Comme mentionné dans l’introduction de ce chapitre, nous avons initié la production et la purification des trois membres du groupe PEA3. Les méthodologies concernant les étapes de production, de purification et de concentration utilisées pour les protéines Pea3 et Er81 étant identiques à celles décrites concernant Erm (reproduite dans l’article qui précède), nous les décrirons succinctement. La purification de Pea3 et de Er81 a été réalisée selon les mêmes conditions que Erm, à savoir en faisant suivre au passage sur une résine héparine sépharose (qui permet notamment la rétention des protéines capables de lier l’ADN) celui sur résine Ni- NTA sépharose puisque toutes les protéines d’intérêt possèdent une étiquette contenant six histidines. Nous présenterons ici le détail de ces différentes étapes pour le facteur de transcription Er81.

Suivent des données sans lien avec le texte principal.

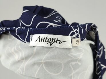 Bluzka damska Pulp by Gemo, rozmiar 46. - Kolor bazowy: granat - Wzór: botaniczny/kwiatowy w odcieniach pomarańczy, fioletu, brązu i bieli - Fason: luźniejszy, z delikatną stójką i rozcięciem pod ...
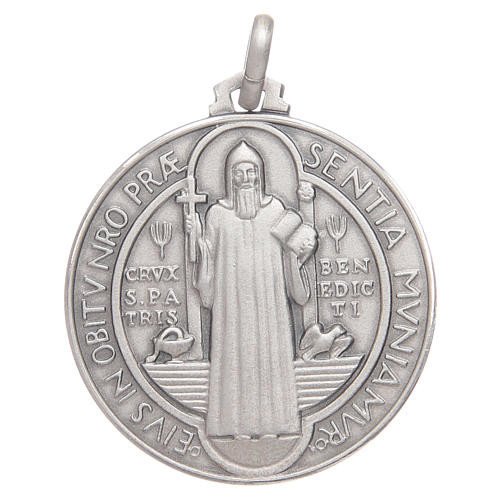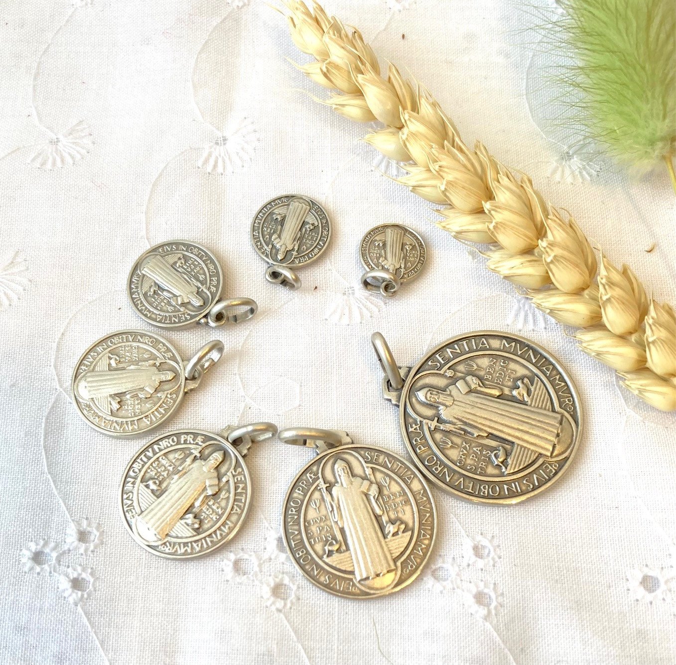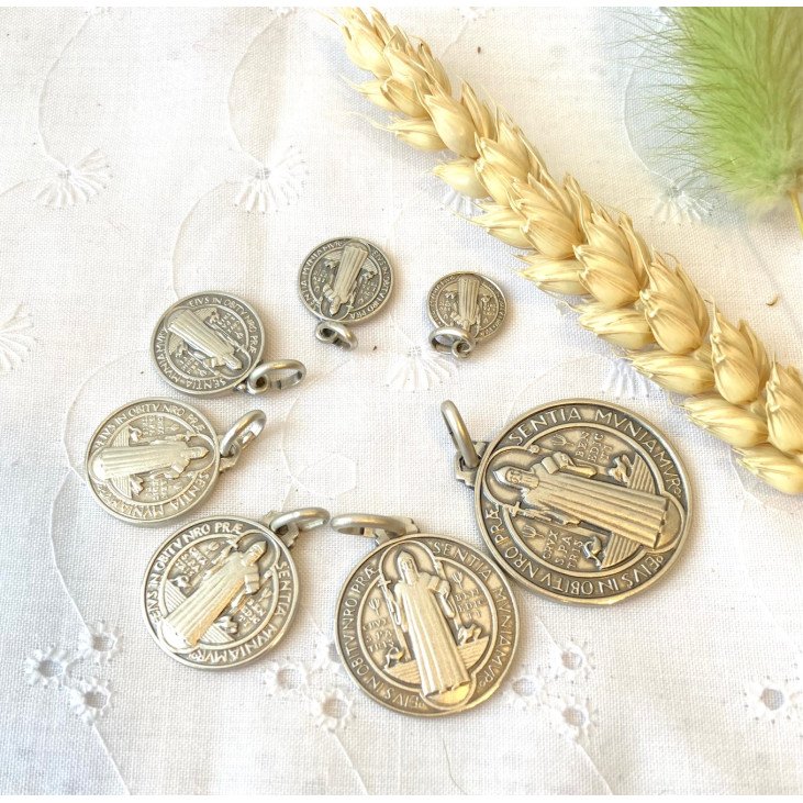 Cette superbe médaille en argent 925/1000 de Saint Benoit possède une gravure au recto, mais aussi au verso ! Vous pourrez retrouvez d'un côté, une représentation de Saint Benoît avec le livre de la Règle Bénédictine à la main gauche et une croix à la main droite. De l'autre, la Croix de Saint Benoît.
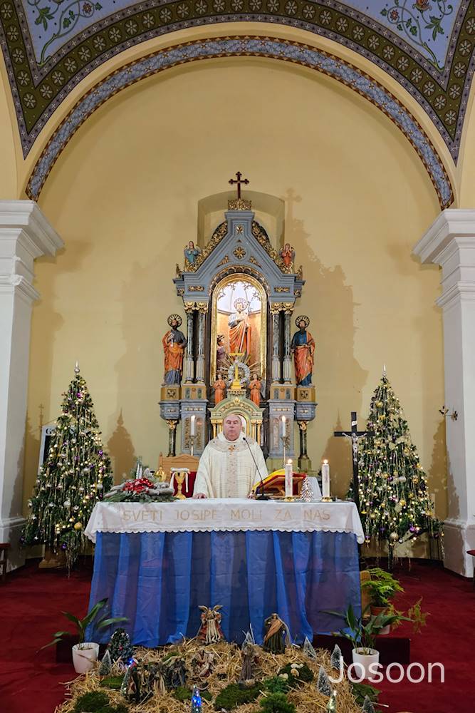 Misa na Božić bude najposjećenija, tako je bilo i danas. Župnik, vlč. Željko Blagus, nadahnuto je propovijedao i nije mu nedostajalo riječi u namjeri da povjerene mu župljane usmjeri, objasni i obrazloži nužnost promjena cijele zajednice na dobro, da se vidi da smo puni ovoga Isusa koji se danas rodio i tako bi nas Bog prepoznao kao svoju djecu. “Što Isusu darovati za današnji rođendan, za ovaj Božić?” – zapitao je župnik i nastavio:
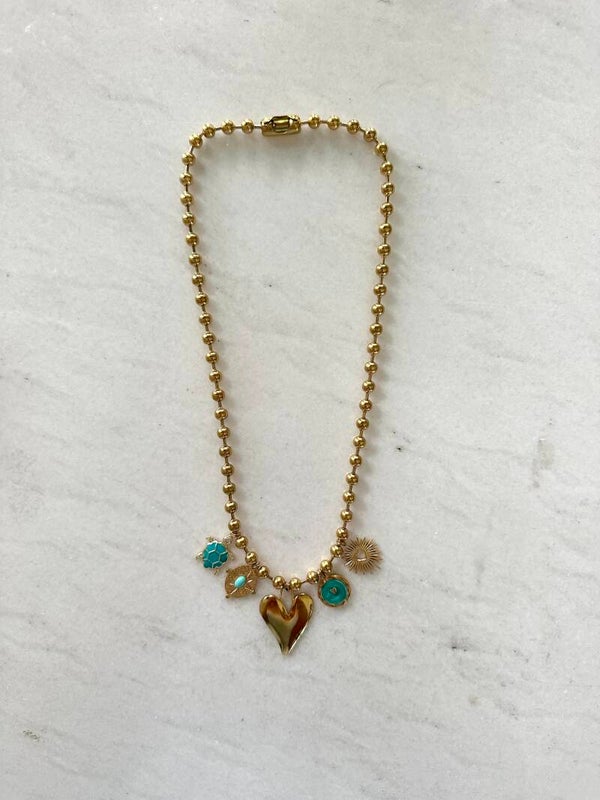 Mega leuke gouden charm necklace. De ketting is verstelbaar, RVS en past bij elke gelegenheid :)

Au terme de la première étape de purification sur héparine sépharose, nous avons pu récupérer un volume de 100mL d’éluat dans lequel on retrouve le facteur de transcription Er81 recombinant (Figure R 1.1, panel A, ligne D et E) dont les protéines cellulaires contaminantes ont été éliminées. Toutefois, nous avons constaté que, contrairement à la protéine Erm, une proportion significative de la protéine Er81 ne se lie pas à cette résine dans les conditions utilisées (Figure R 1.1, panel A, ligne B et C). Malgré la perte importante de protéines lors de cette première étape, nous avons engagé les éluats récupérés dans la purification sur Ni-NTA sépharose. Alors qu’on ne retrouve pratiquement pas de protéine Er81 ni dans les fractions correspondantes aux protéines qui ne se lient pas à la Ni-NTA sépharose ni dans le premier lavage à 20nM d’imidazole (Figure R 1.1, panels B et C, lignes B, C et D), la protéine est éluée dès le second lavage par 40nM d’imidazole (Figure R 1.1, panel B et C, ligne E). La protéine Er81 est éluée par 100nM (fractions 1 à 7) et 500nM (fractions 8 et 11) d’imidazole. Au terme de cette purification, nous avons récupéré une protéine relativement pure. Toutefois quelques bandes de poids moléculaire inférieur subsistent et correspondent en grande partie à des formes dégradées de la protéine Er81 puisqu’elles sont visualisées par immunodétection avec l’anticorps anti-Xpress dirigé contre l’étiquette amino-terminale de la protéine.

Pour chaque membre du groupe PEA3 que nous avons purifié, nous avons réuni les différentes fractions contenant la protéine à l’issue de la purification sur Ni-NTA sépahrose.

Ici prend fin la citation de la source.